### INFORMATION SHOWN
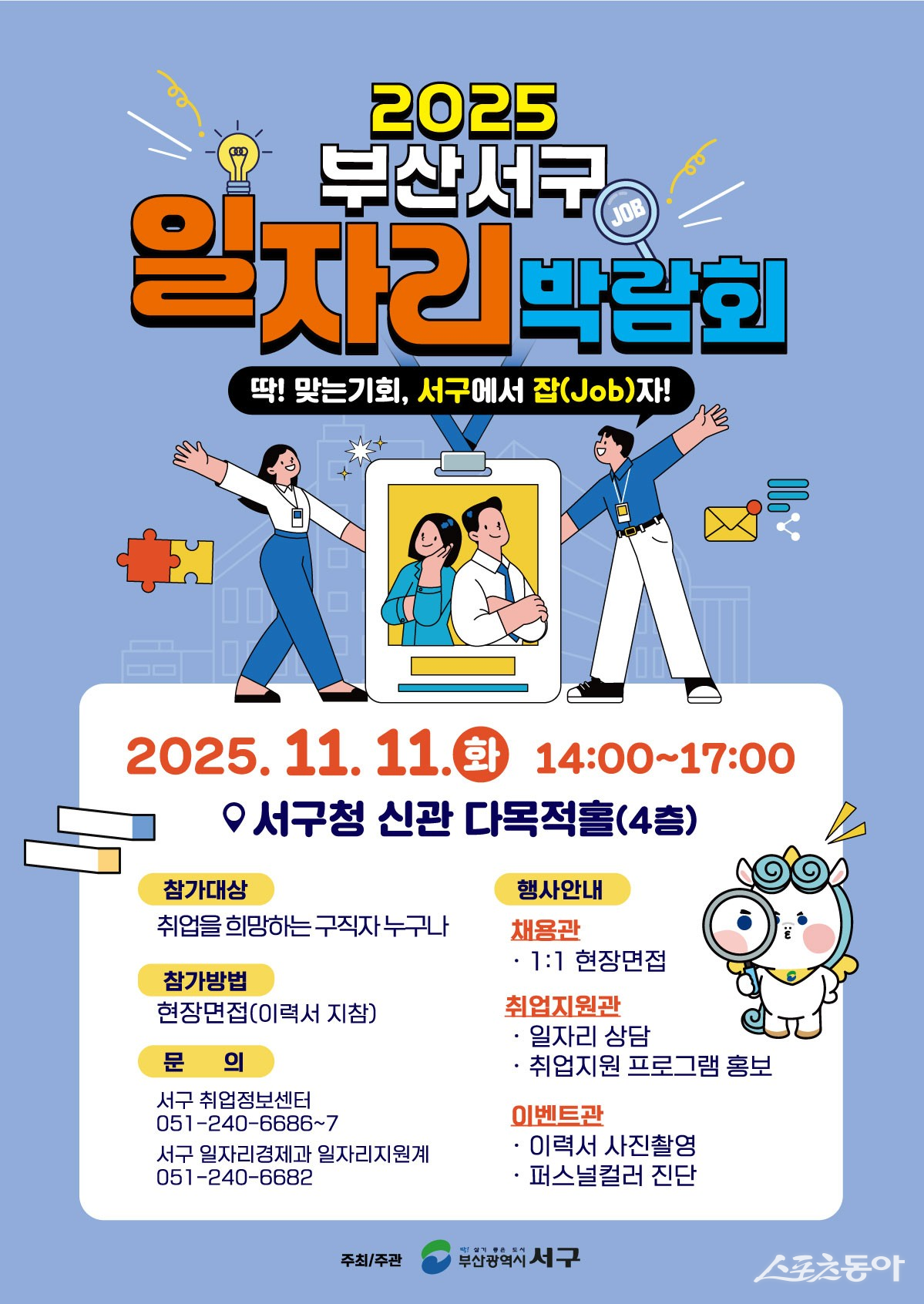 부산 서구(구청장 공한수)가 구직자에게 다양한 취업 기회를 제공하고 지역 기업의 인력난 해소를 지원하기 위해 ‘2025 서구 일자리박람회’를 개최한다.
* * *
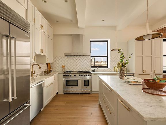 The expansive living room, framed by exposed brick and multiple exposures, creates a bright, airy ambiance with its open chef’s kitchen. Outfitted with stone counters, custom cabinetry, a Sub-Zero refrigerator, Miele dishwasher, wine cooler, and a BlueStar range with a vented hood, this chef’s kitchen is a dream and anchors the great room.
...
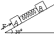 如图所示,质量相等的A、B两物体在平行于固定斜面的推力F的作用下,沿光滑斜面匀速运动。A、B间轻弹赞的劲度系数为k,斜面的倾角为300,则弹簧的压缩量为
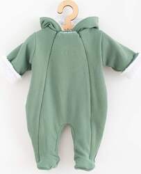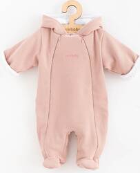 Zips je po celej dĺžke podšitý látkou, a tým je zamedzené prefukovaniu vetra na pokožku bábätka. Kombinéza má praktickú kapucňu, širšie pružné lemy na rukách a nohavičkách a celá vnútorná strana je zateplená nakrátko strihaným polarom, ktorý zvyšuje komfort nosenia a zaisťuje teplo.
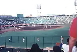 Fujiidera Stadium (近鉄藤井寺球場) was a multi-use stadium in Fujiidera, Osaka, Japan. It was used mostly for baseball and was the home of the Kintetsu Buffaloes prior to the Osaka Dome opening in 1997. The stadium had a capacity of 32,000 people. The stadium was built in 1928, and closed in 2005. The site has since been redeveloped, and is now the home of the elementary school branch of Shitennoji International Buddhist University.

### TASK REQUIREMENTS
Reproduce the lines above beginning at the line that contains "如图所示,质量相等的A、B两" and ending at the line that contains "Zips je po celej". No pictures.

### THE COMPLETED TASK
 如图所示,质量相等的A、B两物体在平行于固定斜面的推力F的作用下,沿光滑斜面匀速运动。A、B间轻弹赞的劲度系数为k,斜面的倾角为300,则弹簧的压缩量为
 Zips je po celej dĺžke podšitý látkou, a tým je zamedzené prefukovaniu vetra na pokožku bábätka. Kombinéza má praktickú kapucňu, širšie pružné lemy na rukách a nohavičkách a celá vnútorná strana je zateplená nakrátko strihaným polarom, ktorý zvyšuje komfort nosenia a zaisťuje teplo.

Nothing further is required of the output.